Love Poem for Vampires
by Izzy Toy Rettke
I
I met her first in a bleached-stone crypt
Barely dead, full-lipped, holding a corpse by the ankle.
Her hair covered in grave dirt like cells of electric eels
She dislocated my shoulder and I knew I loved her instantly.
Then again, behind the factory that used to
make automobile parts and smelled like pitch
these past years.
Old blood running thick and coagulated on her chin
This time I ran across the highway, and made her chase me down.

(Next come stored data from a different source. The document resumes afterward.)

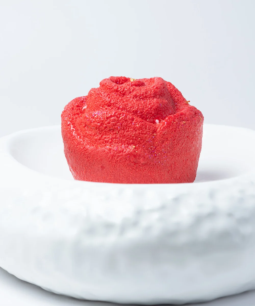 A luxurious raspberry mousse paired with a vibrant raspberry gel, offering a burst of tart elegance. Complemented by a delicate raspberry crispy layer and crowned with a smooth, 31% white chocolate Mont Blanc in a velvety texture, this dessert is a romantic symphony of flavors and finesse.
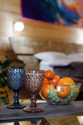 Помимо прекрасной атмосферы, загородный комплекс привлекает внимание своими просторными и светлыми номерами. В каждом номере оригинальный дизайн, большие кровати с ортопедическими матрасами и все необходимые для комфортного проживания. Гости могут воспользоваться бесплатным Wi-Fi, современной системой кондиционирования воздуха, кабельным телевидением и качественным постельным бельем из натуральных материалов. Ванная комната оборудована и имеет подогрев пола.
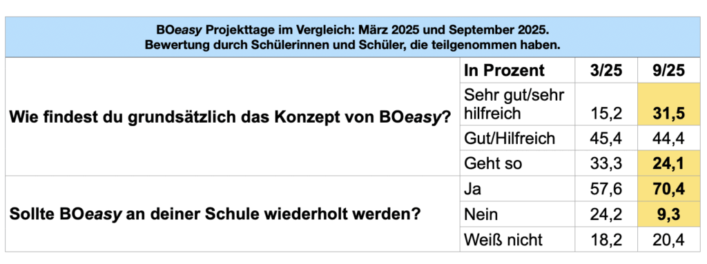 Durch mehr Praxis bei BOeasy hat sich der Anteil derjenigen, die sagen, “das Konzept von BOeasy ist sehr gut oder gut”, mehr als verdoppelt! Für eine Wiederholung an ihrer Schule stimmten jetzt 20 % mehr als beim ersten Mal.
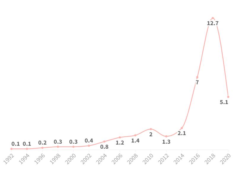 SJM(s f) Evolución de cantidad de Matrícula Migrantes en Sistema Escolar Chileno y Porcentaje que Representa en relación al total de matrículas por año. Migración en Chile Servicio Jesuita a Migrantes Recuperado de: https://cutt.ly/LCtwjHo
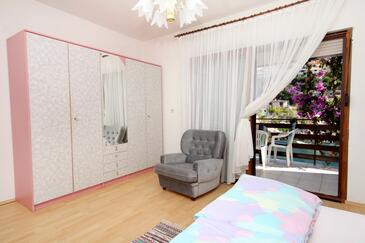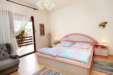 Ferienwohnung bietet Platz für 4 Gäste. Die Betten sind in Schlafzimmern, die es 2 gibt, innerhalb einer Gesamtfläche von 71m2, angeordnet. Die Gäste haben einen eigenen Balkon zur Verfügung, auf der sie in warmen Sommernächten genießen können. Das Apartment bietet Meerblick. Es ist erlaubt, Speisen auf dem Gemeinschafts-Grill vorzubereiten.
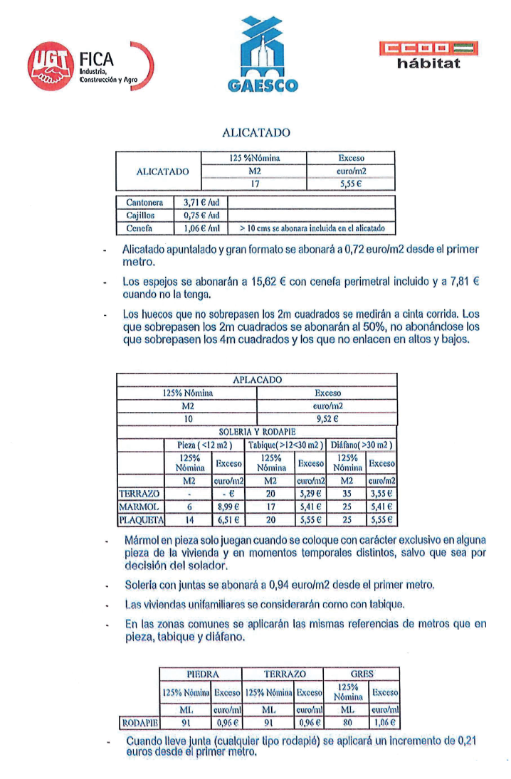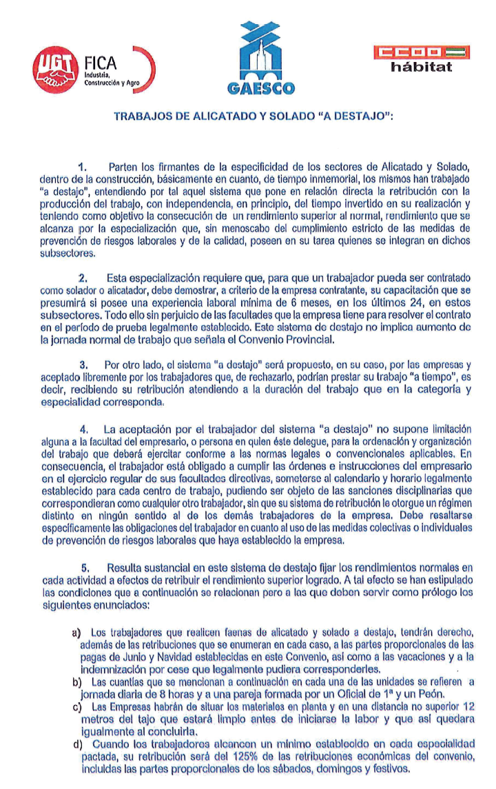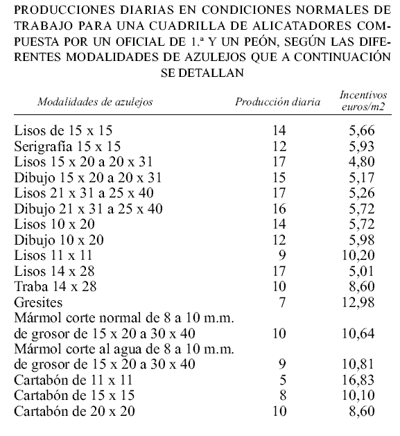 VISTO el Acta de la Comisión Negociadora del Convenio Colectivo del Sector de la Construcción (Código 41000915011982), aprobando la nueva regulación y tablas de rendimientos del subsector del alicatado y solado.

The first words I heard her speak, an apology for the
shoulder and a brush of her arm to her mouth, her
self-conscious smear.
So long dead, I had forgotten to hope for
company. Lonely little plasma-sipper.
Her lair, her hideout, her gritty gothic mausoleum
Was a rusting RV half-buried in garbage.
Under threat of the day, the sky went soft and
naked I watched her watch the rising,
bug-eyed and hopeful.
The grievous sun, the ash-maker gave her no fear
Daylight shamed the air, and I thought of asking her name.
II
I showed her the stumbling sights of this our world
The sewer tunnels, the moldy foreclosed townhouses.
Taking her by the hand to the gas station of favor
We ate for the first time with company, gristly mirrors.
I learn her slowly, star-mapping her small preferences
As she tugs desire out of me like a hair caught in my throat.
She likes truck drivers, drunken strangers, meaty
mouthfuls I like easy meals, tender flesh, lean
blood like veal.
She the wild child, dog-boned and insistent on sleeping
In the earth, wanting me to dig her up come twilight.
Me, fretful and carefully brave, I collect bent silver coins
To watch a movie for the first time in my life.
When we got tired of living like paper bag princesses
I shred padlocks and tear holes in chain-link searching for better.
Our night-bed among the dead machines; a warehouse next
To dive bars and motel lots. Wanderers pass us quick and guarded.
She recognizes their steps and sounds, almost familiar
and once kin. I think I was never alive, maybe born with teeth.
Through board slats, she eyes the sun, unquenchable, heat-hungry
For another after. By pain or rapture, I do not know.
III
Once I woke to sunset barreling through steel sheet walls
Her arm thrust in a hole bored through the grey.
As she healed the smell of her charred skin
haunted the air I held the vein of my wrist to her
blood-needy mouth.
I am not blameless. I spend weeks inside, sleep through nights,
Let the thirst crack and dry my secret wineskin body.
Like flighty gods, we rise from trash heaps to drink rivers
When hunger or woe dries one home, we go to the next.
We might scour the world and find ourselves alone I fear her flight;
She fears my sorrows.
I think one day we will take to the dirt and wait
For the sun to crest the horizon, the red nuclear explosion.
I see her joining me in deepest sleep and knitting twin dreams
She sees me palm-knowing her grip, giggling into hereafter.
A time when there are no more bodies to suck
like summer fruit, no nests to dance through like rain.
We cannot absolve a life of blood, nor would we be forgiven.